WHAT IS EXPECTED:
Every entry that follows should be output exactly, and every image in it left out.

RECORDS TO USE:

________________________________________

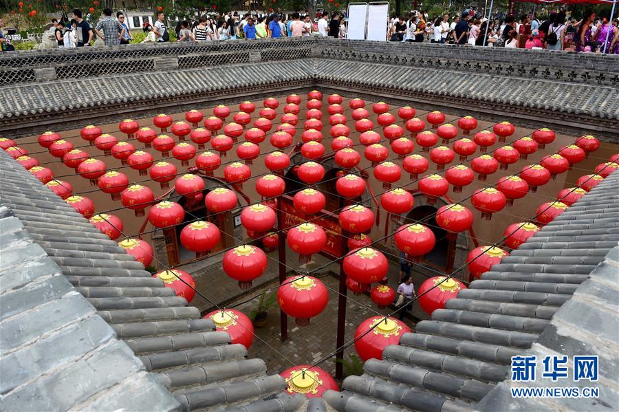 游客在河南省陕县张汴乡北营村地坑院参观游览(8月9日摄)。
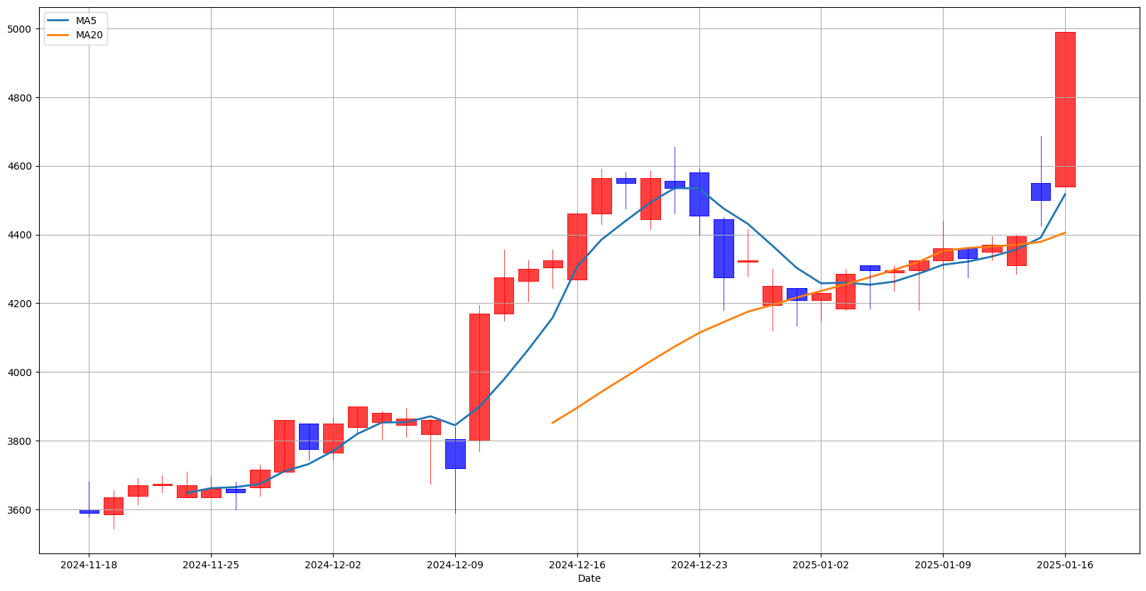 이평선이 20일 이평선을 돌파하는 골든크로스 발생, 발생
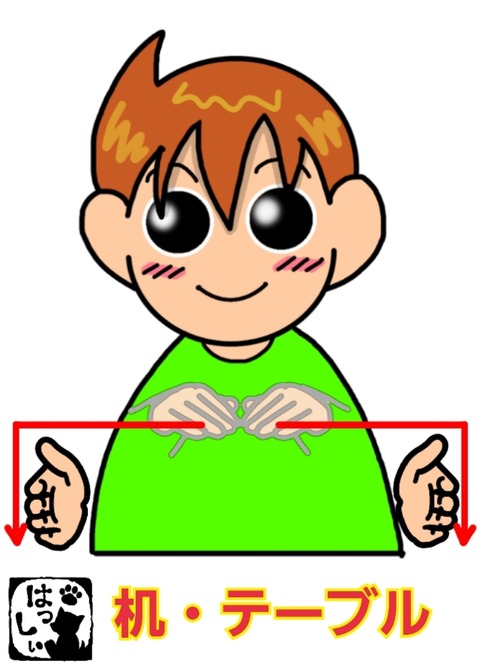 手話単語:1053 【机】【テーブル】 2019年10月15日 こんにちは(*・ω・)ノ【机・テーブル】体の前で親指側をつけた両手を左右へ引き離して、直角に少しだけ下します。それではまた((ヾ( ◍´꒳`◍ )いつも応援ありがとうございます!良ければ下↓のしゅうくんをポチっと押してね!つくえ・てーぶる ... 続きを読む
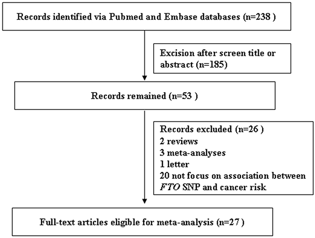 A flow chart describing the process of inclusion/exclusion of studies is presented in Figure 1. The literature search identified a total of 238 potentially relevant articles. At last, a total of 27 publications (129,467 cancer cases and 290,633 normal controls) were included in our meta-analysis. There were 24 publications (113780 cases and 210593 controls) for FTO rs9939609 SNP, 5 publications (1594 cases and 2034 controls) for FTO rs1477196 SNP, and 3 publications (14144 cases and 79973 controls) for rs11075995 variant. All three SNPs in the each of included studies were in Hardy-Weinberg Equivalent. The characteristics of the included studies are listed in Table 1.
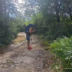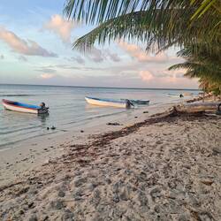 Après cette petite sieste, on part en kayak explorer le Rio Hondo, la rivière située de l’autre côté de la plage. Entourés de palétuviers et de mangrove, on rame sur une eau paisible. Malheureusement, on est assez vite contraints de rebrousser chemin : les arbres ont envahi le lit de la rivière et nous empêchent d’aller plus loin. Mais c’est quand même très beau. On profite d’un bain dans l’eau douce, c’est royal. On se fait un peu peur en parlant de crocodiles… Depuis les San Blas, on est un peu parano avec les attaques de crocos !
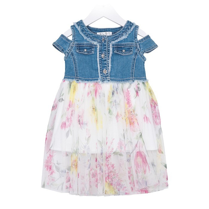 Платье для девочек Elsy с цветочным принтом и джинсовым верхом
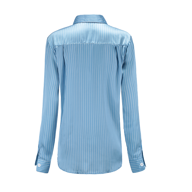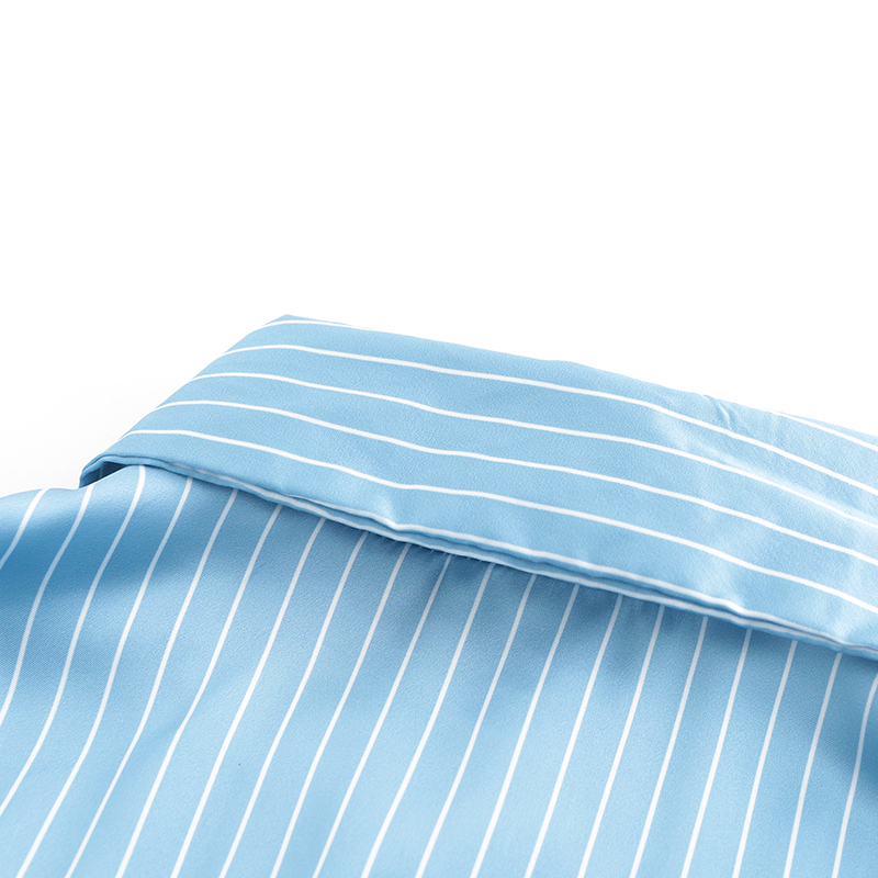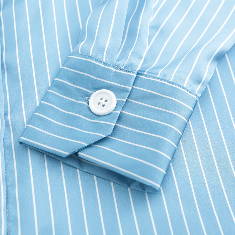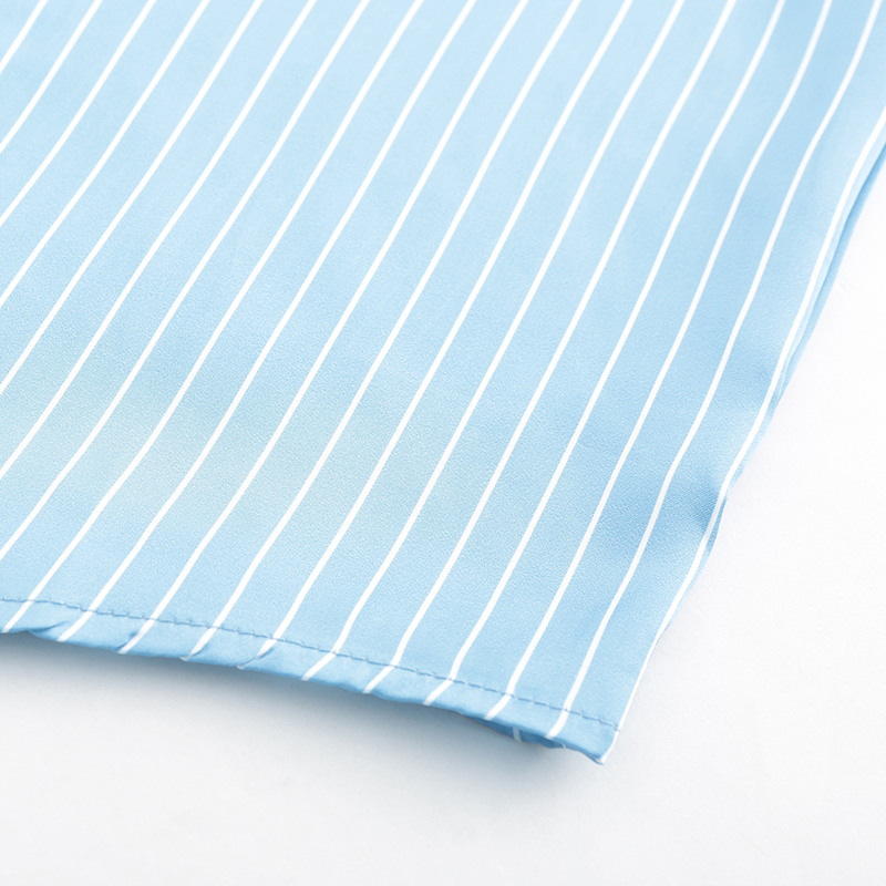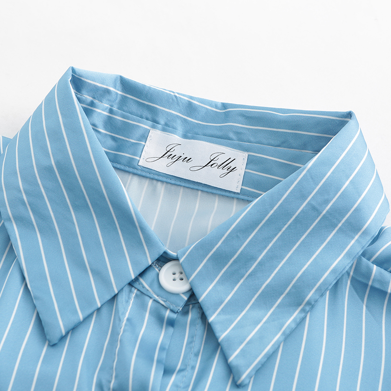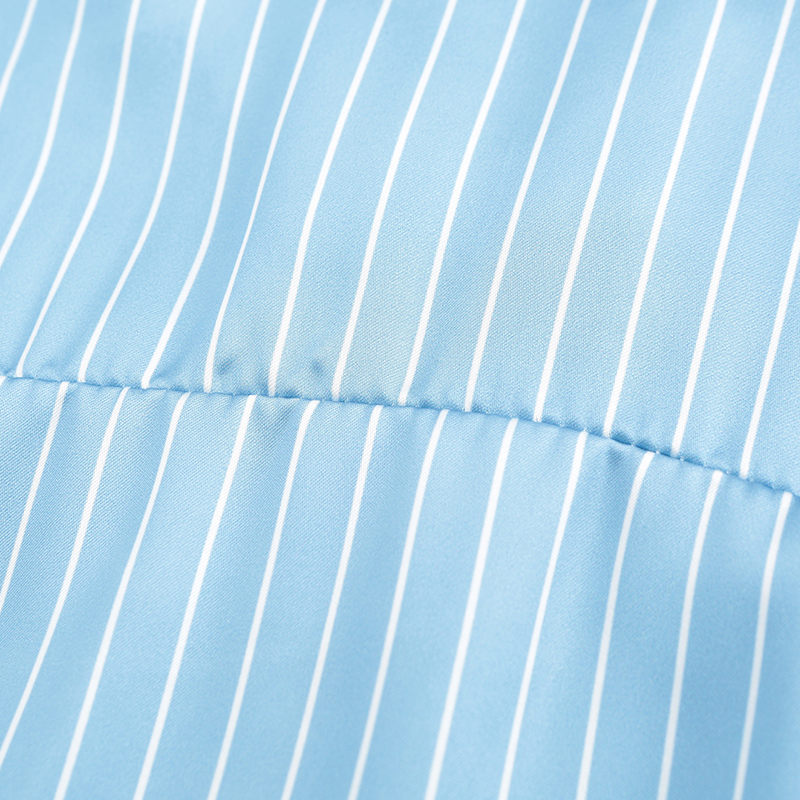 • Design: The refreshing color plate depicts a simple and easy striped texture, with a classic shirt collar that exudes a clear and clean line feel. The chest is crisscrossed with striped pockets, adding a sense of detail and layering.
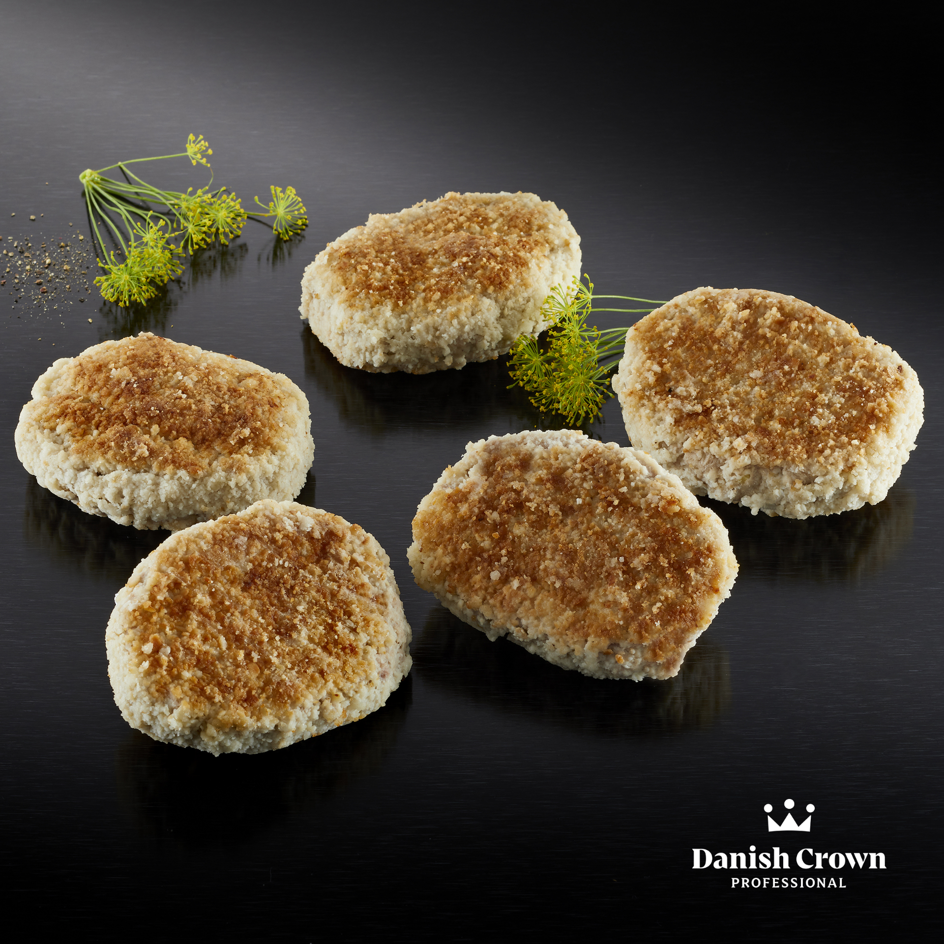 Karbonader af grisekød med højt kødindhold. Panerede og stegte, så de blot skal varmes. Tilsat kartoffel for at give ekstra saftighed.

________________________________________

WRITTEN ANSWER:
 游客在河南省陕县张汴乡北营村地坑院参观游览(8月9日摄)。
 이평선이 20일 이평선을 돌파하는 골든크로스 발생, 발생
 手話単語:1053 【机】【テーブル】 2019年10月15日 こんにちは(*・ω・)ノ【机・テーブル】体の前で親指側をつけた両手を左右へ引き離して、直角に少しだけ下します。それではまた((ヾ( ◍´꒳`◍ )いつも応援ありがとうございます!良ければ下↓のしゅうくんをポチっと押してね!つくえ・てーぶる ... 続きを読む
 A flow chart describing the process of inclusion/exclusion of studies is presented in Figure 1. The literature search identified a total of 238 potentially relevant articles. At last, a total of 27 publications (129,467 cancer cases and 290,633 normal controls) were included in our meta-analysis. There were 24 publications (113780 cases and 210593 controls) for FTO rs9939609 SNP, 5 publications (1594 cases and 2034 controls) for FTO rs1477196 SNP, and 3 publications (14144 cases and 79973 controls) for rs11075995 variant. All three SNPs in the each of included studies were in Hardy-Weinberg Equivalent. The characteristics of the included studies are listed in Table 1.
 Après cette petite sieste, on part en kayak explorer le Rio Hondo, la rivière située de l’autre côté de la plage. Entourés de palétuviers et de mangrove, on rame sur une eau paisible. Malheureusement, on est assez vite contraints de rebrousser chemin : les arbres ont envahi le lit de la rivière et nous empêchent d’aller plus loin. Mais c’est quand même très beau. On profite d’un bain dans l’eau douce, c’est royal. On se fait un peu peur en parlant de crocodiles… Depuis les San Blas, on est un peu parano avec les attaques de crocos !
 Платье для девочек Elsy с цветочным принтом и джинсовым верхом
 • Design: The refreshing color plate depicts a simple and easy striped texture, with a classic shirt collar that exudes a clear and clean line feel. The chest is crisscrossed with striped pockets, adding a sense of detail and layering.
 Karbonader af grisekød med højt kødindhold. Panerede og stegte, så de blot skal varmes. Tilsat kartoffel for at give ekstra saftighed.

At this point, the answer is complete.